▸ **Records contained in a dataset**:
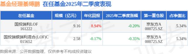 綦縛鵬2025年二季度基金表現(xiàn):國投瑞利LOF季度跌幅0.2%
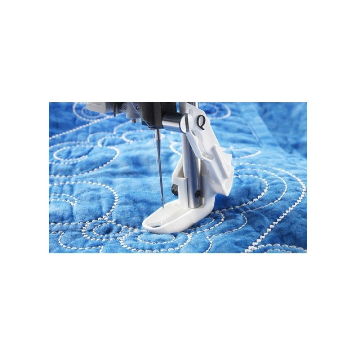Sensor Q-fot används för broderi och frihandssömnad samt quiltning och broderi på särskilt kraftiga eller mjuka material. Sätt fast sensor Q-fot när du vill frihandsquilta på fluffig vadd, brodera med olika tekniker på vadderat tyg eller tjocka frottéhanddukar, samt när du ska sy över broderier eller dubbla lager dekorsömmar.
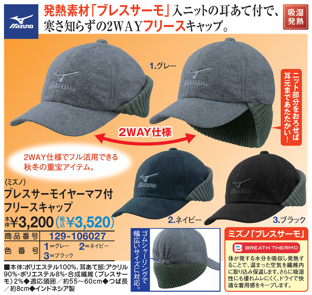 発熱素材「ブレスサーモ」入ニットの耳あて付で、寒さ知らずの2WAYフリースキャップ! 2WAY仕様でフル活用できる秋冬の重宝アイテム。 ニット部分をおろせば耳元まであたたかい! 2WAY仕様 ゴムシャーリングで幅広いサイズに対応。 【ミズノ「ブレスサーモ」】 体が発する水分を吸収し発熱することで、温まった空気を繊維内に取り込み保温します。さらに吸湿性にも優れムレにくく、ドライで快適な着用感をキープします。 ●吸湿発熱
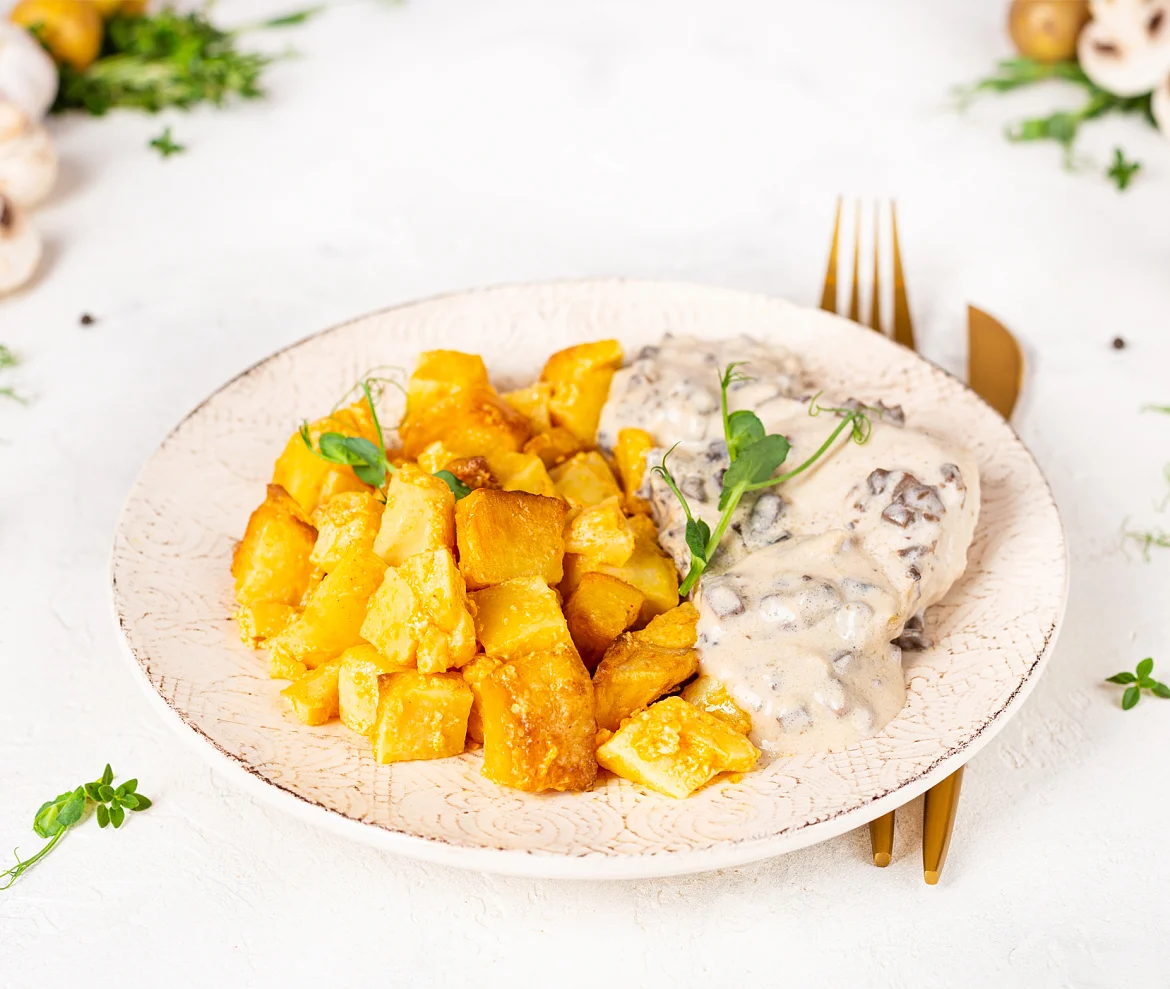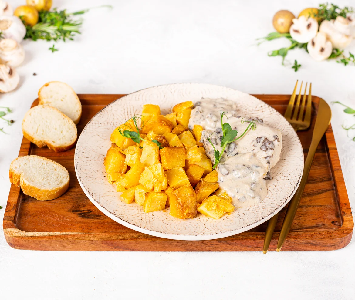 Главная особенность этого блюда в обратном эффекте. Здесь основной элемент — это отборные куриные грудки под соусом из свежих шампиньонов и натуральных сливок, приготовленные на пару. Основной элемент имеет сдержанный нежный вкус. А гарнир, наоборот, добавляет насыщенности вкусу. Это запечённый на противне картофель в специях.
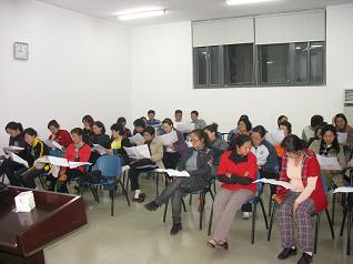 3月4日,我校教职工合唱团正式成立,并确定每周三晚为教职工合唱团活动时间。 昨晚,工会委员、师范学院汪莹副教授作指导老师对教职工合唱团进行了培训指导。到现场的队员有41人。汪老师对到场的队员进行了分声部的分组,进行练声,并讲了唱歌发声的注意事项,接着对歌曲《送别》进行了分声部试唱。
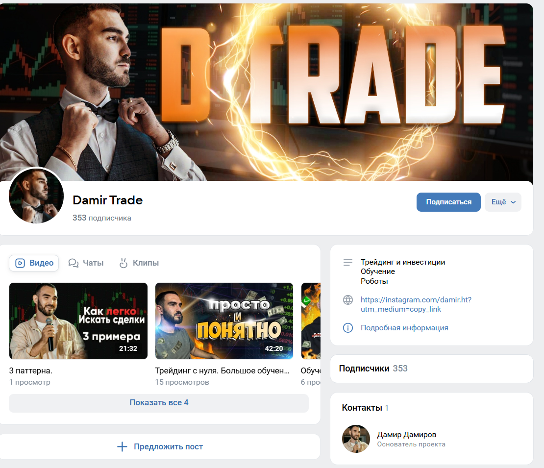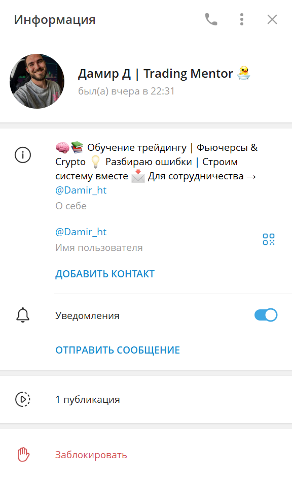 Основным каналом связи служит группа под названием Damir Trade. Но на текущий момент телеграм-сообщество очищено от контента. Аватарка удалена, публикации стерты, а сам канал неактивен с 2023 года. Администратор Дамир не указывает дополнительных контактных данных. В постах упоминались переходы в приватные чаты для эксклюзивных сетапов или обсуждений, но они создавались временно и блокировались после взаимодействия с пользователями.
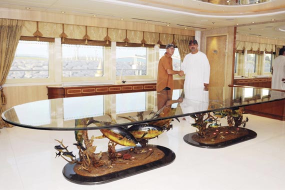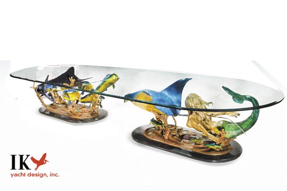 Yacht interior design. Outfitted this 280′ Super yacht wit custom furnishings, furniture and accessories, including two original custom designed bronze dining tables.
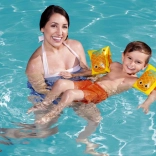 - Kun til brug i vand på dybde, hvor barnet kan nå bunden, altid under opsyn af en voksen
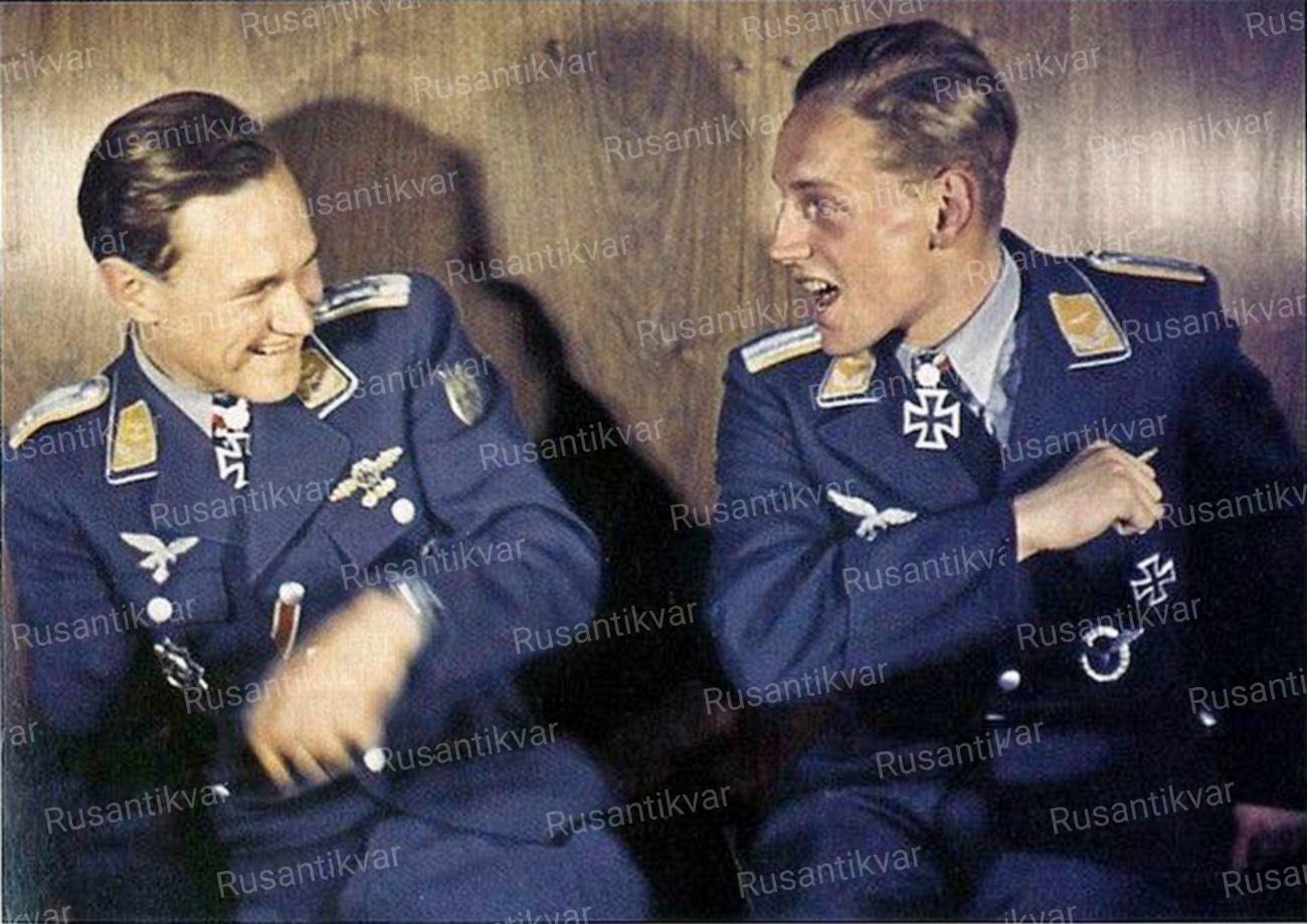 Обер-лейтенант Вальтер Крупински и лейтенант Эрих Хартманн в Бергхоф после церемонии награждения дубовыми листьями к Рыцарскому кресту.
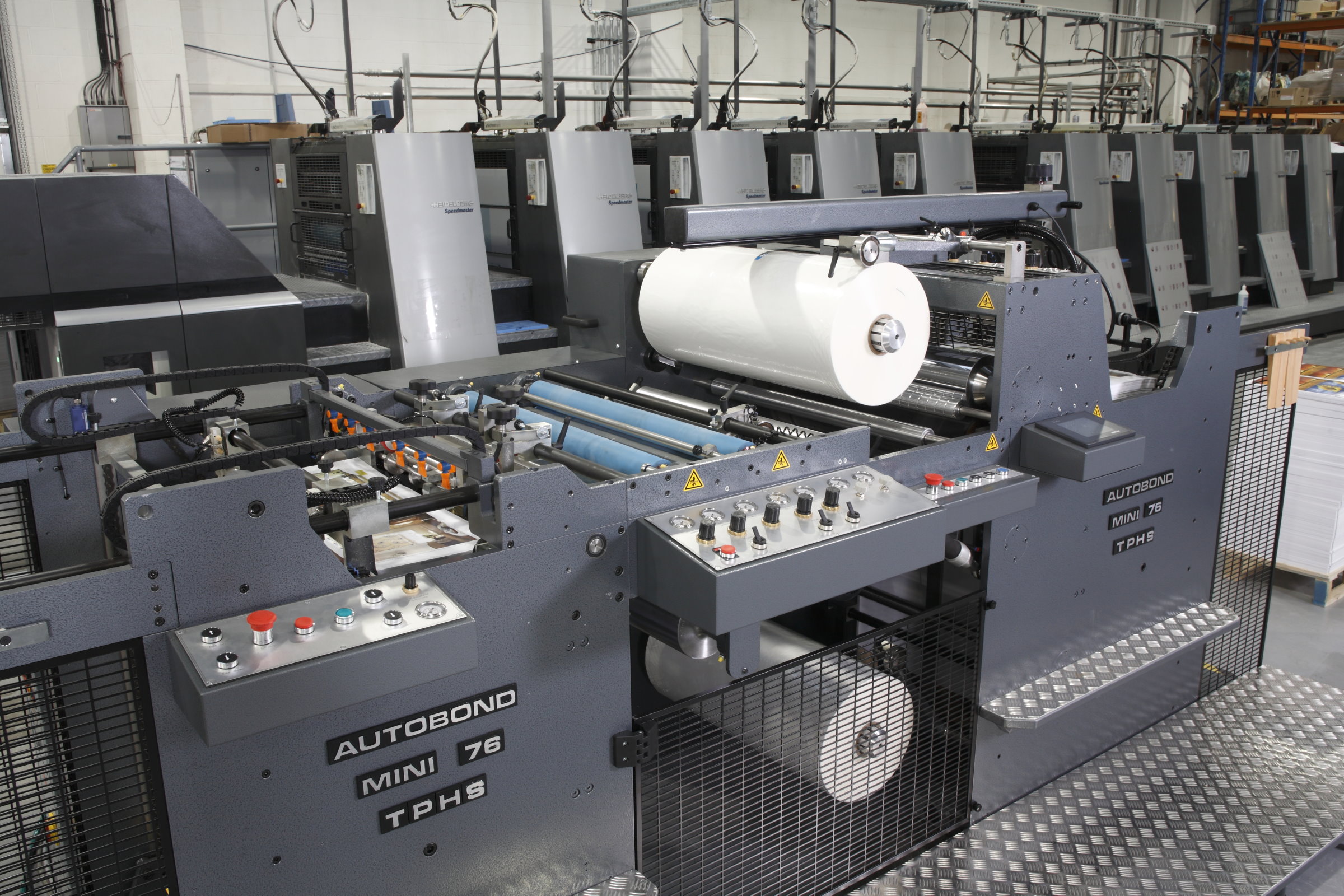 Die Laminiermaschine AUTOBOND Mini TH 76 laminiert einseitig oder zweiseitig bis 60 Meter/Minute. Laminieren vom Bogenformat 76 x 102 cm bis minimal SRA 4. Der Palettenanleger ist mit einem Heidelberg Speedmaster 74 Saugkopf rausgerüstet. Das Laminieren ist für Papierstärken von 90 bis 650 g/qm mit bis zu 6 Tonnen Druck möglich.

▸ **PROBLEM STATEMENT**: Write out every entry exactly. Pictures do not belong in the copy.

▸ **OUTPUT OF THE EXERCISE**:
 綦縛鵬2025年二季度基金表現(xiàn):國投瑞利LOF季度跌幅0.2%
Sensor Q-fot används för broderi och frihandssömnad samt quiltning och broderi på särskilt kraftiga eller mjuka material. Sätt fast sensor Q-fot när du vill frihandsquilta på fluffig vadd, brodera med olika tekniker på vadderat tyg eller tjocka frottéhanddukar, samt när du ska sy över broderier eller dubbla lager dekorsömmar.
 発熱素材「ブレスサーモ」入ニットの耳あて付で、寒さ知らずの2WAYフリースキャップ! 2WAY仕様でフル活用できる秋冬の重宝アイテム。 ニット部分をおろせば耳元まであたたかい! 2WAY仕様 ゴムシャーリングで幅広いサイズに対応。 【ミズノ「ブレスサーモ」】 体が発する水分を吸収し発熱することで、温まった空気を繊維内に取り込み保温します。さらに吸湿性にも優れムレにくく、ドライで快適な着用感をキープします。 ●吸湿発熱
 Главная особенность этого блюда в обратном эффекте. Здесь основной элемент — это отборные куриные грудки под соусом из свежих шампиньонов и натуральных сливок, приготовленные на пару. Основной элемент имеет сдержанный нежный вкус. А гарнир, наоборот, добавляет насыщенности вкусу. Это запечённый на противне картофель в специях.
 3月4日,我校教职工合唱团正式成立,并确定每周三晚为教职工合唱团活动时间。 昨晚,工会委员、师范学院汪莹副教授作指导老师对教职工合唱团进行了培训指导。到现场的队员有41人。汪老师对到场的队员进行了分声部的分组,进行练声,并讲了唱歌发声的注意事项,接着对歌曲《送别》进行了分声部试唱。
 Основным каналом связи служит группа под названием Damir Trade. Но на текущий момент телеграм-сообщество очищено от контента. Аватарка удалена, публикации стерты, а сам канал неактивен с 2023 года. Администратор Дамир не указывает дополнительных контактных данных. В постах упоминались переходы в приватные чаты для эксклюзивных сетапов или обсуждений, но они создавались временно и блокировались после взаимодействия с пользователями.
 Yacht interior design. Outfitted this 280′ Super yacht wit custom furnishings, furniture and accessories, including two original custom designed bronze dining tables.
 - Kun til brug i vand på dybde, hvor barnet kan nå bunden, altid under opsyn af en voksen
 Обер-лейтенант Вальтер Крупински и лейтенант Эрих Хартманн в Бергхоф после церемонии награждения дубовыми листьями к Рыцарскому кресту.
 Die Laminiermaschine AUTOBOND Mini TH 76 laminiert einseitig oder zweiseitig bis 60 Meter/Minute. Laminieren vom Bogenformat 76 x 102 cm bis minimal SRA 4. Der Palettenanleger ist mit einem Heidelberg Speedmaster 74 Saugkopf rausgerüstet. Das Laminieren ist für Papierstärken von 90 bis 650 g/qm mit bis zu 6 Tonnen Druck möglich.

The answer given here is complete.